Wednesday, May 4, 2011

The Source Code (2011)

The Chicago skyline accosts you in the opening credits of the Source Code, as we follow the progress of an innocuous looking train chugging along to the heart of the city. As the train crosses a lake, you notice a couple of stray geese skimming the surface of the water.

This isn’t the last you’ve seen of them. Not by a long shot.

The Source Code can easily be written off as a one-gimmick movie by someone who’s just heard the plot. So you have a man who finds himself on a train, no idea how he got there, no idea why the face in the mirror doesn’t actually belong to him – at first. Complicating matters is the fact that the train explodes in 8 minutes. And a fragment of him survives the explosion to then be given vague mission details by a no-nonsense general. The outlines soon emerge – however, I’m going to resist spoiling any of it for you because this is a movie that needs to be discovered. All I’ll spill is that our man is to revisit these 8 minutes many, many times over the course of the movie, Groundhog Day style, to figure out the identity of the bomber.

Of course, the science of the thing is preposterous, of course it requires you to make a fair few leaps of faith, and of course some of this plot seems derivative. But never you mind – the Source Code is one hell of a thrill ride, and by the surprisingly emotional closing moments, all crises of faith for this reviewer at least lay quelled.

For one, this is a satisfyingly smart movie, that isn’t in love with its own cleverness, doesn’t go out of its way to be oblique, and actually allows discerning viewers to put together the pieces of the puzzle for themselves. Remember watching The Prestige? Remember enjoying the thrilling play-off between Christian Bale and Hugh Jackman as things escalated to a thundering climax that …… made you want to slap Christopher Nolan. The twist in the tale was cheap and tacked on. It may have been foreshadowed, yes, but it was basically fantasy constructing a completely new rule of fantasy to deal with the vagaries of a convoluted plot. Now, the Source Code has the chance to teeter into that territory – so its wonderful how it gracefully sidesteps it. While it does feature the obligatory final act twist, it’s one of the more rewarding ones I’ve seen in a while particularly in a science fiction movie. I actually remembering hoping the movie would go there, and what a thrill when it actually managed to have the guts to take the idea to its logical conclusion.

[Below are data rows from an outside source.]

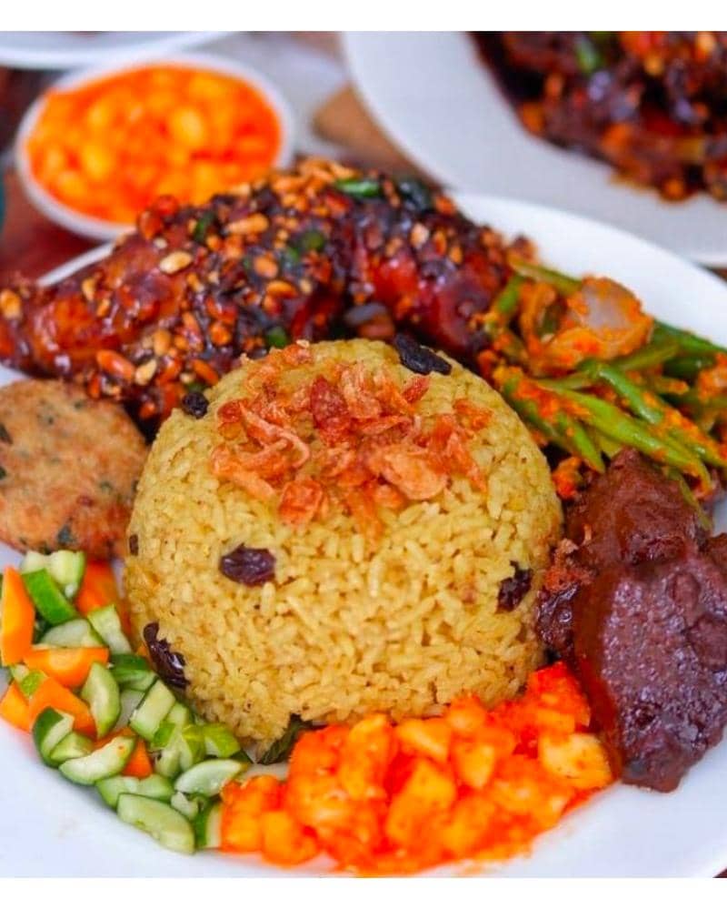 Nasi Minyak bukanlah nasi yang dicampur minyak, tetapi mirip dengan nasi kebuli. Pengaruh budaya Timur Tengah sangat terasa dalam hidangan ini. Nasi Minyak dimasak dengan minyak samin dan rempah-rempah khas Indonesia. Biasanya disajikan dengan sambal nanas, daging malbi, acar ketimun, sate pentol, dan ayam goreng bertabur kismis. Nasi Minyak sering disajikan dalam acara spesial seperti pernikahan, syukuran, dan Idul Fitri. Kamu bisa mencoba nasi minyak autentik di Nasi Minyak Cek Geda, Palembang. Harganya berkisar antara Rp8.000 hingga Rp20.000.
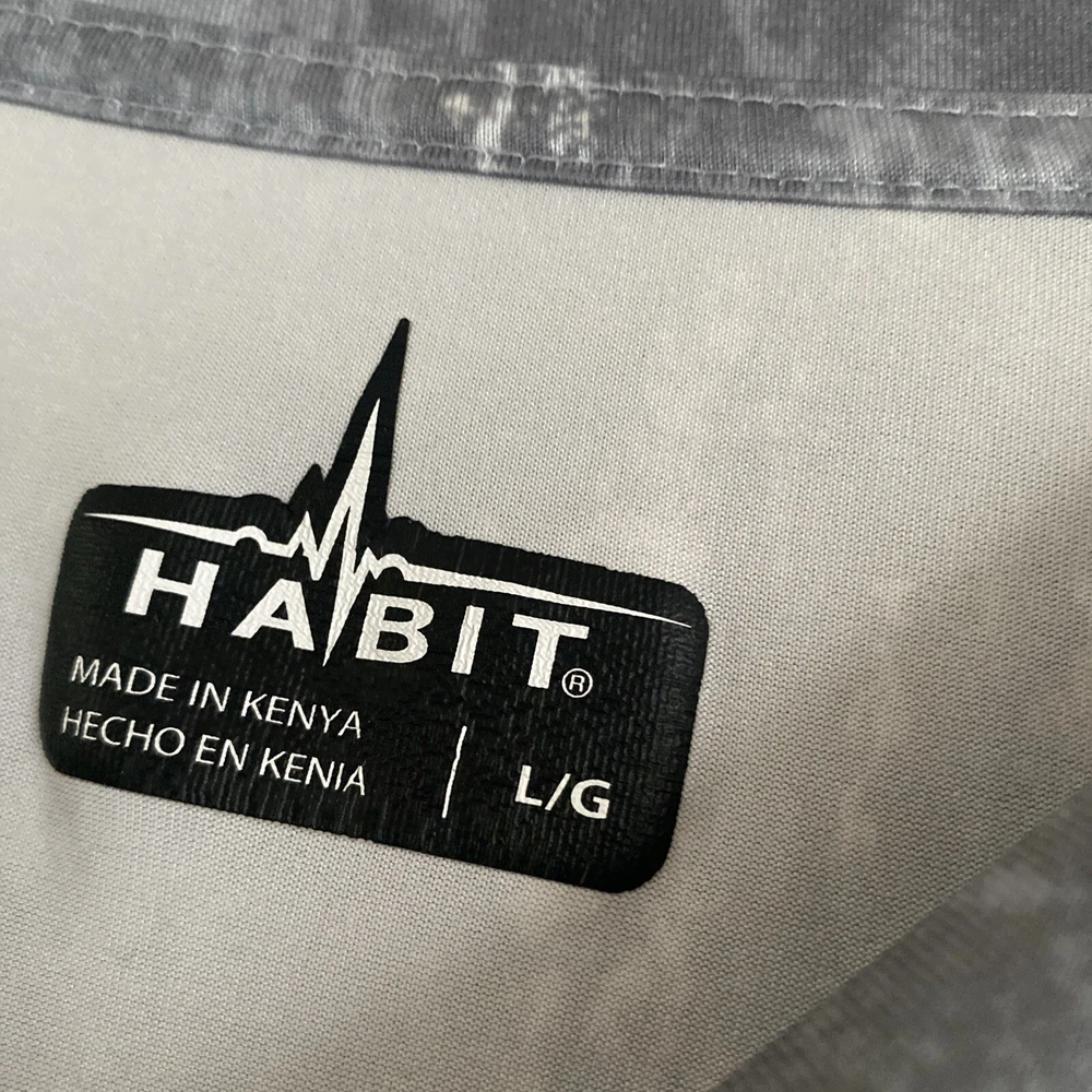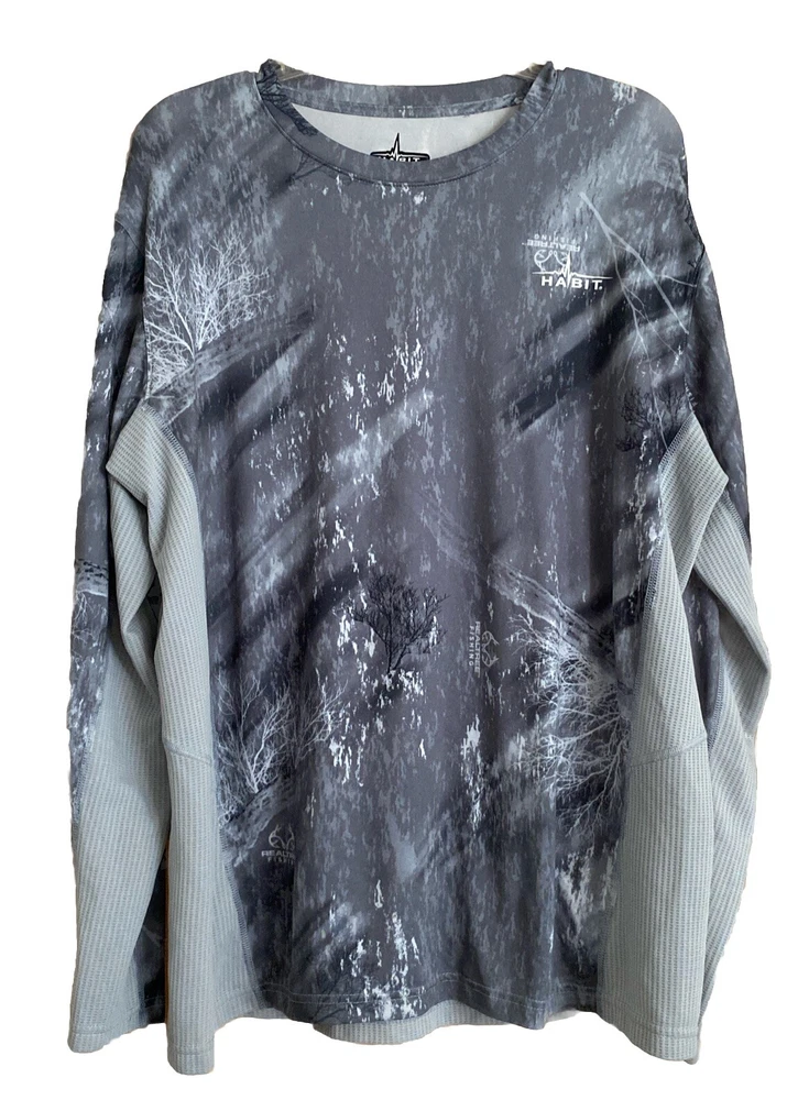 This Realtree Fishing Habit men's long sleeve shirt is perfect for any fishing enthusiast. The shirt features a camouflage pattern with a crew neck color gray/white. It is made of lightweight and breathable polyester knit fabric, which makes it suitable for all seasons. The shirt is machine washable and has easy care, double-sided, and moisture-wicking features. It comes in a gray color with a graphic print of a fish and is available in size L.
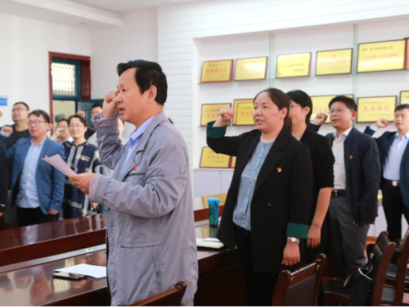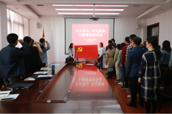 会上,由院副院长、教工第一党支部书记孙炳海同志领誓,全体党员面对党旗重温了入党誓词。
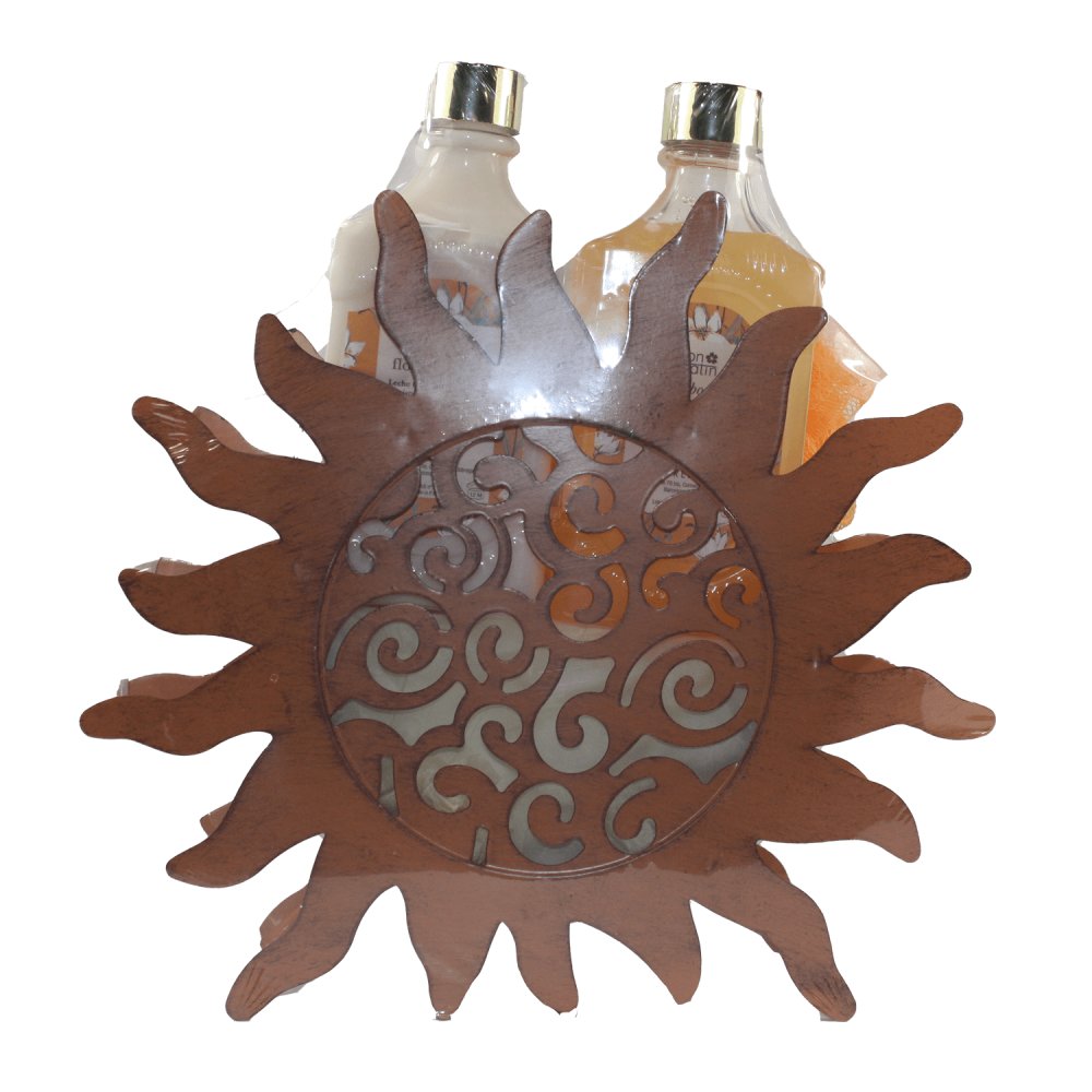 Dárková sada značky Bon Matin floral bouquet s dekoračním plechovým předmětem ve tvaru slunce obsahuje 200 ml hydratační sprchový gel, 200 ml hydratační tělové mléko, 50 ml krém na ruce, žínka

Right, I know this all sounds horrendously vague, but you will thank me once you’ve seen the movie. What I can talk about more forthrightly is the great trio of performances that holds the movie together. When we’re dealing with so called “hard” sci-fi, its easy to step into ponderous territory, so losing the fun of the whole thing. This is yet another peril of the genre that the Source Code manages to side step, starting with Jake Gyllenhaal’s great self-aware portrayal of the protagonist. Leads in these movies are often thankless roles, with the director or the script usually labelled the star performer, but its easy to see this movie failing miserably with the overdone gruff-tortured portrayal that someone like Leonardo Di Caprio would’ve inflicted on it. There’s a great cheekiness that Gyllenhaal exhibits which significantly elevates the proceedings. Crackling chemistry with Michelle Monaghan, his co-passenger for the course of the movie helps too, particularly in grounding the stakes for the denouement. Vera Farmiga manages to bring her brand of empathy to another thankless character stereotype – tough outside, soft inside military commander.

But okay, back to the star performer. This is Duncan Jones’ sophomore effort, his first being the excellent (also sci-fi) Moon. In both his features, Jones exhibits a remarkable take on the contemporary science fiction genre: they are movies of ideas just as much as they set out to thrill. Both, too, let slip a fear of where technology might take us in less obvious ways than “Computers are evil! HAL FOR THE WIN!”.

Most importantly though, both confirm that Jones is definitely a filmmaker to watch out for.

Share

1 comment:

  1. Too many loopholes to count
    or maybe I'm just bitter cause my goddamn quantum calculus is hyperbolic.